#### ASSIGNED TASK:
All that is needed is an exact copy of the lines from the beginning of the data below through the line containing "weiter nach Niederbreitbach.", minus the pictures.

*-*-*

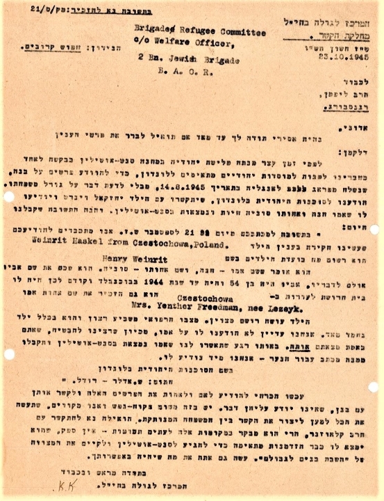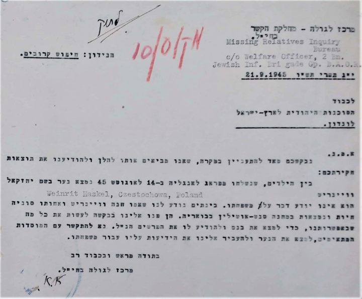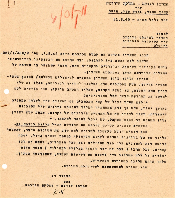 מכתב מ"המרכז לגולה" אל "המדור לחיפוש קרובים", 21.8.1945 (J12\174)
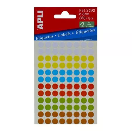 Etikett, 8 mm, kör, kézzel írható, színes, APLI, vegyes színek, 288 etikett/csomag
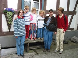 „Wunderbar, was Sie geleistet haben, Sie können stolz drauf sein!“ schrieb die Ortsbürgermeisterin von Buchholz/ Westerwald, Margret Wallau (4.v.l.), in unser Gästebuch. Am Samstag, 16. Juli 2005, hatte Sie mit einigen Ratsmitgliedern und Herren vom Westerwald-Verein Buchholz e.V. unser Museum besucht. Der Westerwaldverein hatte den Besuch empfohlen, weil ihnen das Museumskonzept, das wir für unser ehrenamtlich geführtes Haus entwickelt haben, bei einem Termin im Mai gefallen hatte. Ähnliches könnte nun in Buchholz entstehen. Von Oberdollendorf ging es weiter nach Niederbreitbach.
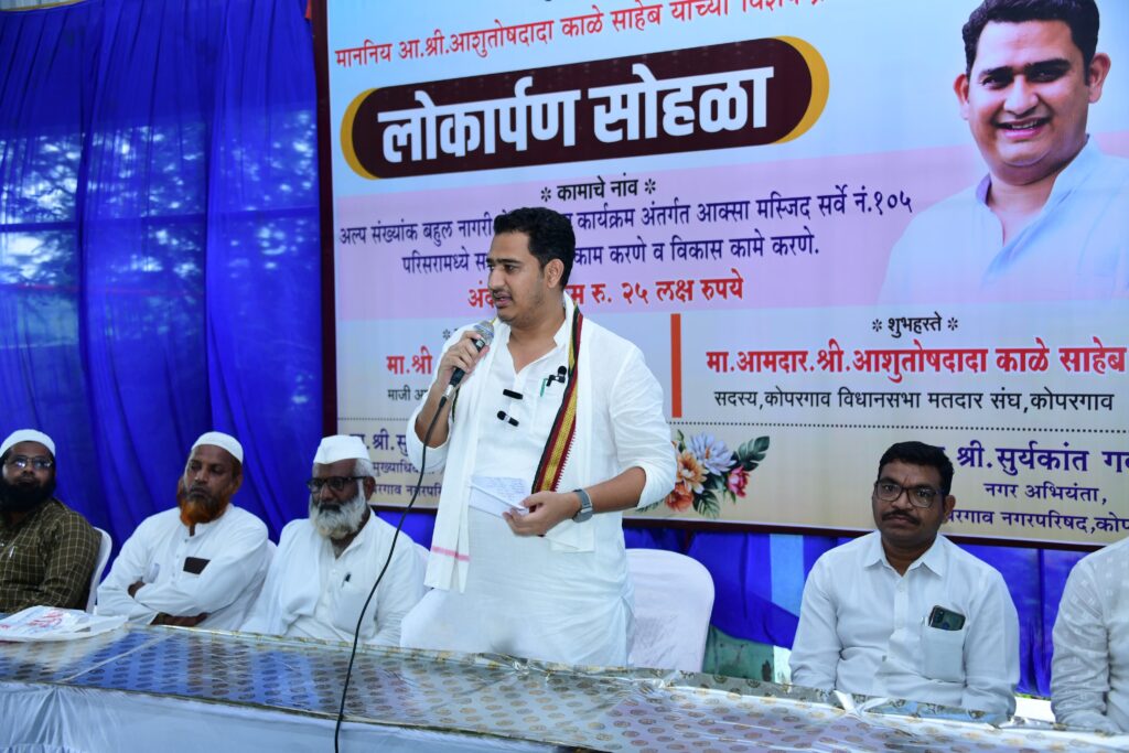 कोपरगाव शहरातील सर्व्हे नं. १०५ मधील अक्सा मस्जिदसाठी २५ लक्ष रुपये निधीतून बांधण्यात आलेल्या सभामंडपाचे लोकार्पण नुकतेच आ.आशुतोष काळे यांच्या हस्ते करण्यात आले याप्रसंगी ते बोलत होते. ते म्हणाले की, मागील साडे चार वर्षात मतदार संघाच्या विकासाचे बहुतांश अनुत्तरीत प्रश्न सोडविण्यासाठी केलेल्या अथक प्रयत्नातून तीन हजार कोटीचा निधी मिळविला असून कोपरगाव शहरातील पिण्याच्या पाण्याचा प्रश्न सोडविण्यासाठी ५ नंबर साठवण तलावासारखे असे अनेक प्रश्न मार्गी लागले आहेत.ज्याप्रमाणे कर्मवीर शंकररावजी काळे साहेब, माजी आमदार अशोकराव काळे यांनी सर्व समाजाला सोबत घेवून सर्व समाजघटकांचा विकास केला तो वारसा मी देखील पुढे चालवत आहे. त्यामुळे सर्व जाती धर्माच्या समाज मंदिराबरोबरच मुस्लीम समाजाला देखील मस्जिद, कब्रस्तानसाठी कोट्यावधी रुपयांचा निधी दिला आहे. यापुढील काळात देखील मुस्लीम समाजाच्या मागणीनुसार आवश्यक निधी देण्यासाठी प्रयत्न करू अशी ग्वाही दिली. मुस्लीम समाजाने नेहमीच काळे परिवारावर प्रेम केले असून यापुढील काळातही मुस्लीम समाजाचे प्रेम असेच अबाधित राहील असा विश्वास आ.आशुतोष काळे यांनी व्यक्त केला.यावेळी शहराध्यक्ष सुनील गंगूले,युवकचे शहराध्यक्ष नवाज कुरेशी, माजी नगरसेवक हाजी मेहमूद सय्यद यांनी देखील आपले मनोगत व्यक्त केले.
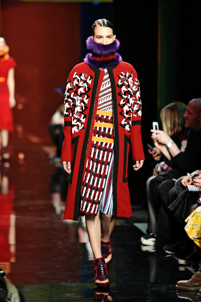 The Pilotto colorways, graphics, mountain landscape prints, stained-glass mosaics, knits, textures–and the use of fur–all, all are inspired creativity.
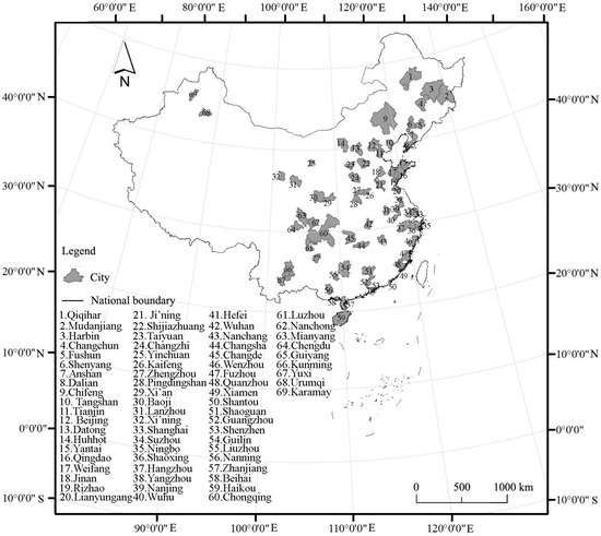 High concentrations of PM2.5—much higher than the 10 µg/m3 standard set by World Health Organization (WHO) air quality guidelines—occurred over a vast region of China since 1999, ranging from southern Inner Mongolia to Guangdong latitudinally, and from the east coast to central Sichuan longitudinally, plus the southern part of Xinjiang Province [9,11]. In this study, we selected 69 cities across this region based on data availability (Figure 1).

*-*-*

#### ANSWER TO THIS TASK:
 מכתב מ"המרכז לגולה" אל "המדור לחיפוש קרובים", 21.8.1945 (J12\174)
 Etikett, 8 mm, kör, kézzel írható, színes, APLI, vegyes színek, 288 etikett/csomag
 „Wunderbar, was Sie geleistet haben, Sie können stolz drauf sein!“ schrieb die Ortsbürgermeisterin von Buchholz/ Westerwald, Margret Wallau (4.v.l.), in unser Gästebuch. Am Samstag, 16. Juli 2005, hatte Sie mit einigen Ratsmitgliedern und Herren vom Westerwald-Verein Buchholz e.V. unser Museum besucht. Der Westerwaldverein hatte den Besuch empfohlen, weil ihnen das Museumskonzept, das wir für unser ehrenamtlich geführtes Haus entwickelt haben, bei einem Termin im Mai gefallen hatte. Ähnliches könnte nun in Buchholz entstehen. Von Oberdollendorf ging es weiter nach Niederbreitbach.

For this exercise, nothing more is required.